Pearl tapped her finger against the paper. Silk Leaf also was rumored to have medicinal uses. Whatever that may be. Only fools or the desperate wanted Silk Leaf for such a purpose. Her eyes strayed back to the painting, not to the man who dealt with death, but at the too-thin woman layered in warmth.

What was her story? Was Lady Rayner sold to a man like Coral had been? Would she have escaped if she could? Or was she a part of the Necromancer’s dealings?

Pearl traced the cracked lines in the paint with her eyes, as though they would lead her to some answer hidden in the stroke of a paint brush. She knew it to be a foolish endeavor. The ones who really knew the truth were dead.

Pearl’s thoughts clicked into place.
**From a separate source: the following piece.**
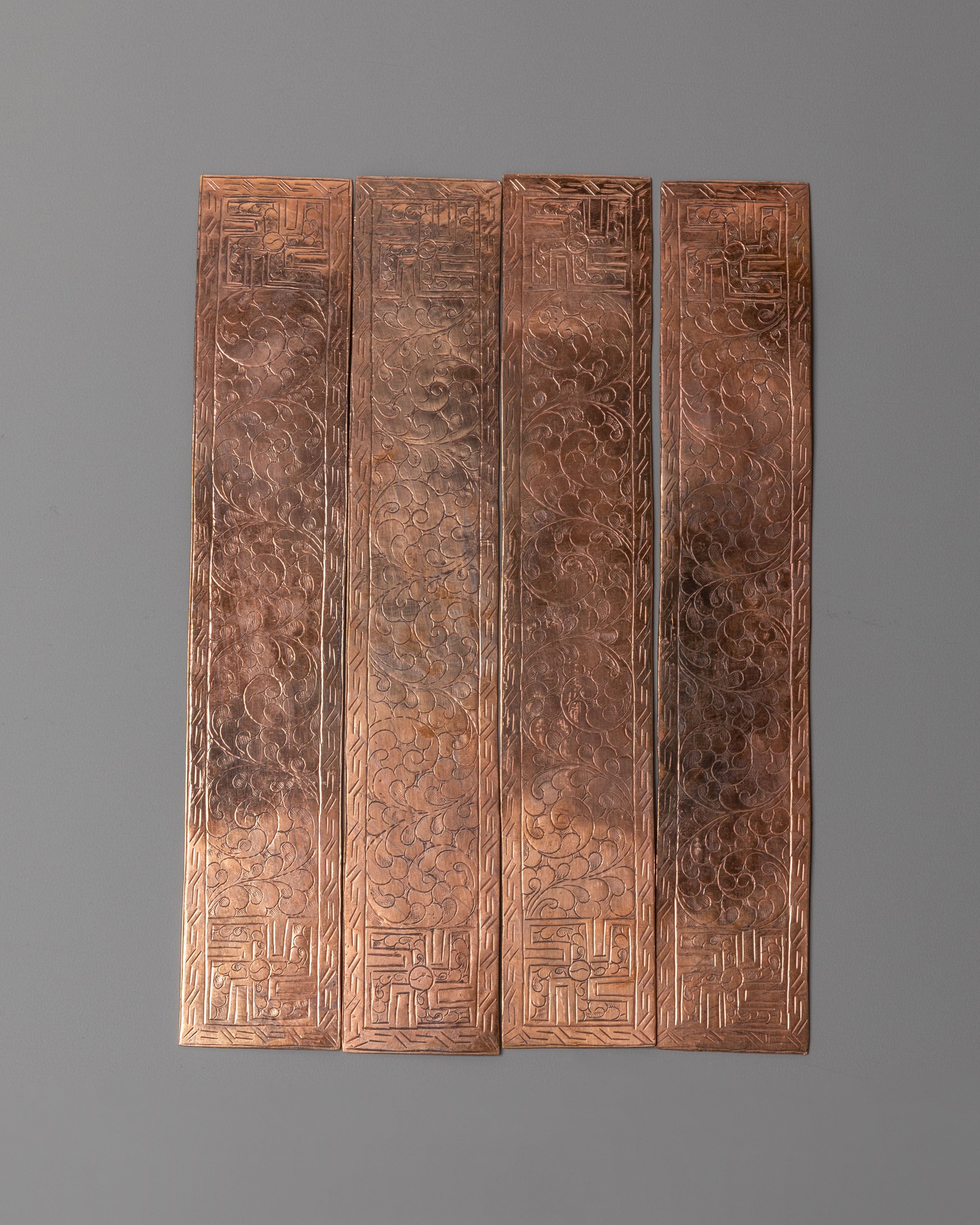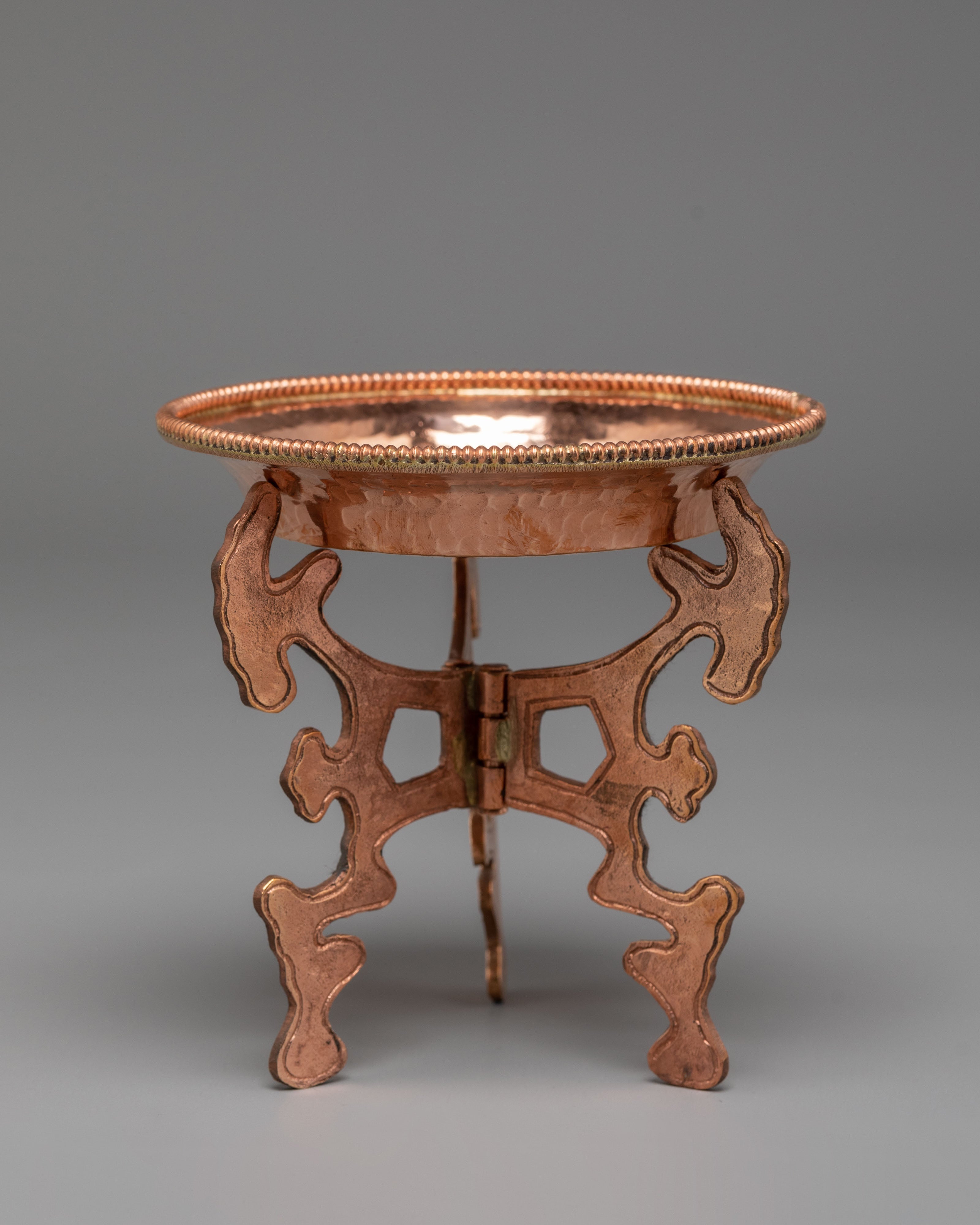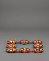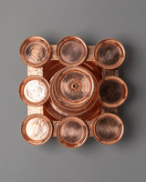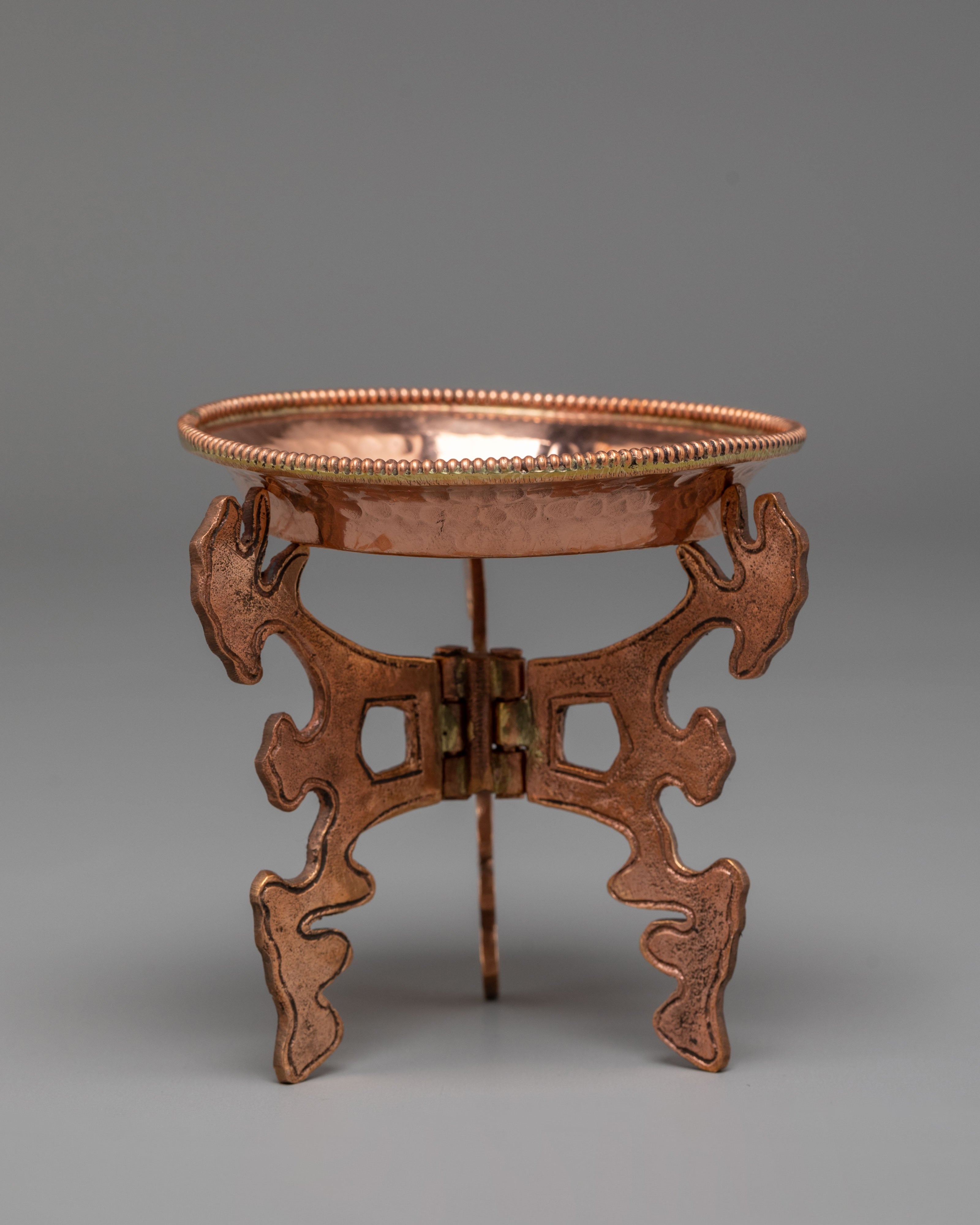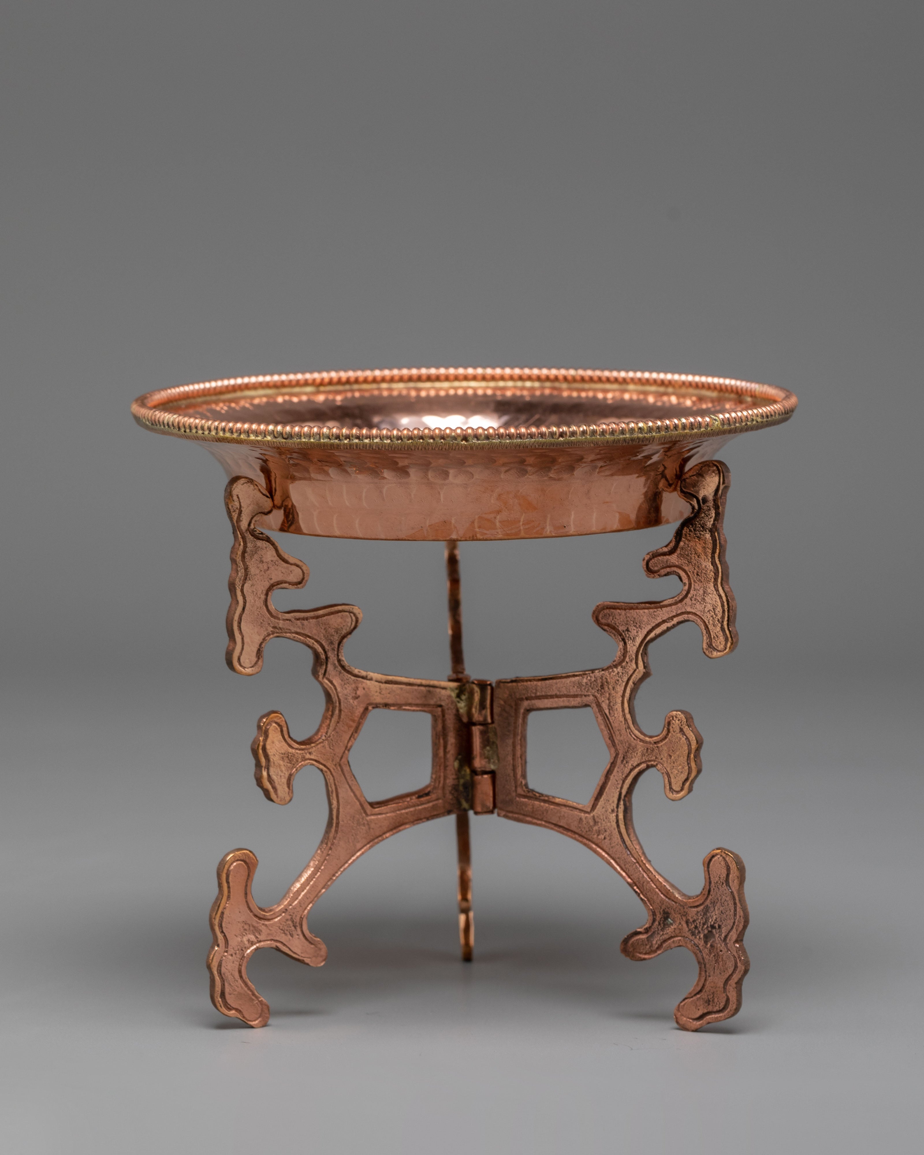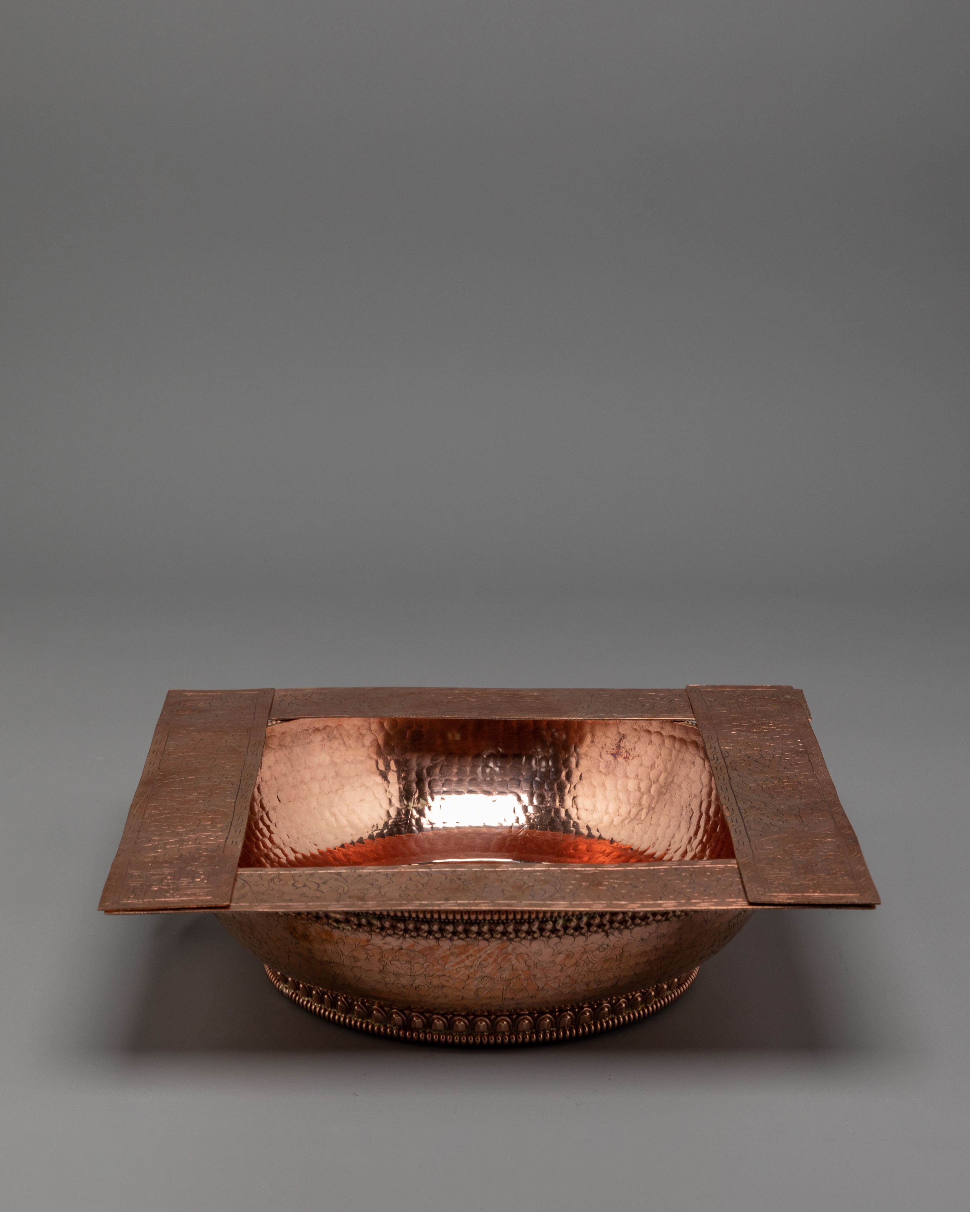 Each vessel in this Copper Buddhist Water Offering Set is meticulously crafted by Himalayan artisans. The patas and plates are intended for ritual use on altars, whereas the copper pot and plates with stands add visual appeal to the sacred setting. The smooth, warm glow of copper reflects light beautifully, symbolizing the conversion of material contributions into spiritual virtue. Water offerings are a kind of respect for the Buddhas, showing purity of intent and thanks for wisdom and compassion. This handcrafted set captures its essence with intricate workmanship and symbolic balance.

The two children that laughed at Lady Rayner’s feet were still young. Pearl had mentioned that they hadn’t been found when she returned from perusing the documents. Were the manor’s ghosts Emeric and Ayleth Rayner?

They had communicated with Coral. The ghost children had asked for help, hadn’t they? Pearl focused on the little boy and girl, thinking hard. Ghosts were hard to deal with. Ghosts were dangerous. Coral had thought they had wanted to lure her down to the basement to her death.

Pearl hadn’t agreed back then, nor did she now. The ghosts could have acted up the whole month Coral and Pearl had resided in the manor. Pearl had seen how the shadows moved when they shouldn’t, at a distance and darting like mice. That had been the extent of their activity. Fleeting at best. It had terrified her at first, but she never said anything to Coral, who seemed oblivious to the entities.

The ghost’s interference felt more like a warning to Pearl. If they hadn’t gone down to the basement, they would have only discovered too late the ghoul that lurked down there. Had the ghosts’ activities been more insistent because they had Casp-. No. Mr. Acheron with them? Would they have known a vampire could take on and survive against a ghoul?

For a very long time, Pearl studied the painting. Would the ghosts speak to her? Did Pearl really want to know their story?

A door slammed hard, breaking the silence that had settled over Pearl and making her jump. There was an urgency that only came from frenzied rushing, feet tramping and anxious voices. Pearl stood and hurried out of the library in search of this sound, her heart beating hard. It wasn’t the sound of good news.